───── Data for this exercise ─────

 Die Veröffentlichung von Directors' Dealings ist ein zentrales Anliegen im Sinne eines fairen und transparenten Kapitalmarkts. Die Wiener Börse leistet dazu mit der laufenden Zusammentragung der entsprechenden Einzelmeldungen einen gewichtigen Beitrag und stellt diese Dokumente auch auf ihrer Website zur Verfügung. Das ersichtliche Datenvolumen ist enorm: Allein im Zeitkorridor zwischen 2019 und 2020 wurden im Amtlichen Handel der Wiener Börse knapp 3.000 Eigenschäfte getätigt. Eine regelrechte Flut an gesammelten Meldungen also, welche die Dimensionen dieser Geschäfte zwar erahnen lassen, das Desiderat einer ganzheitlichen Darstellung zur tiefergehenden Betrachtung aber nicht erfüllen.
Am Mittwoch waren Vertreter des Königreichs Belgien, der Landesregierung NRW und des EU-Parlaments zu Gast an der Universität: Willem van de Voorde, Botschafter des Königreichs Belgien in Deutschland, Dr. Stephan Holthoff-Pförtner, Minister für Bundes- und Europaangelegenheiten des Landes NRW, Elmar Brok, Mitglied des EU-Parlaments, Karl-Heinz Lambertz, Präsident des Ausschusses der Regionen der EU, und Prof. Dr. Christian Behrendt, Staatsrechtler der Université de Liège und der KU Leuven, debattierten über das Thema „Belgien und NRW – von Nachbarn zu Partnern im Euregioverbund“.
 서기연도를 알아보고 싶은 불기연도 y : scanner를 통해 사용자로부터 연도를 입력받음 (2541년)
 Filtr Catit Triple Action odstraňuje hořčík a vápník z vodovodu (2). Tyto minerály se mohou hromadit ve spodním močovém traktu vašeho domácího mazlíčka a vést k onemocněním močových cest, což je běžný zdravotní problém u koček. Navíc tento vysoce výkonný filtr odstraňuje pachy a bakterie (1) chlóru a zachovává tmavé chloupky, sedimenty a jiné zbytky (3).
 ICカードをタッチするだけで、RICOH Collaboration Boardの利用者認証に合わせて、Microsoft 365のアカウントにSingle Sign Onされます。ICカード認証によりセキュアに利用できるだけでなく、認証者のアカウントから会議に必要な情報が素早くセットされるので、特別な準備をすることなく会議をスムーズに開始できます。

─────

**Task to carry out**
Copy the line containing "Filtr Catit Triple" and every line after it, through the last line of the records. Include nothing else.

**The completed task**
 Filtr Catit Triple Action odstraňuje hořčík a vápník z vodovodu (2). Tyto minerály se mohou hromadit ve spodním močovém traktu vašeho domácího mazlíčka a vést k onemocněním močových cest, což je běžný zdravotní problém u koček. Navíc tento vysoce výkonný filtr odstraňuje pachy a bakterie (1) chlóru a zachovává tmavé chloupky, sedimenty a jiné zbytky (3).
 ICカードをタッチするだけで、RICOH Collaboration Boardの利用者認証に合わせて、Microsoft 365のアカウントにSingle Sign Onされます。ICカード認証によりセキュアに利用できるだけでなく、認証者のアカウントから会議に必要な情報が素早くセットされるので、特別な準備をすることなく会議をスムーズに開始できます。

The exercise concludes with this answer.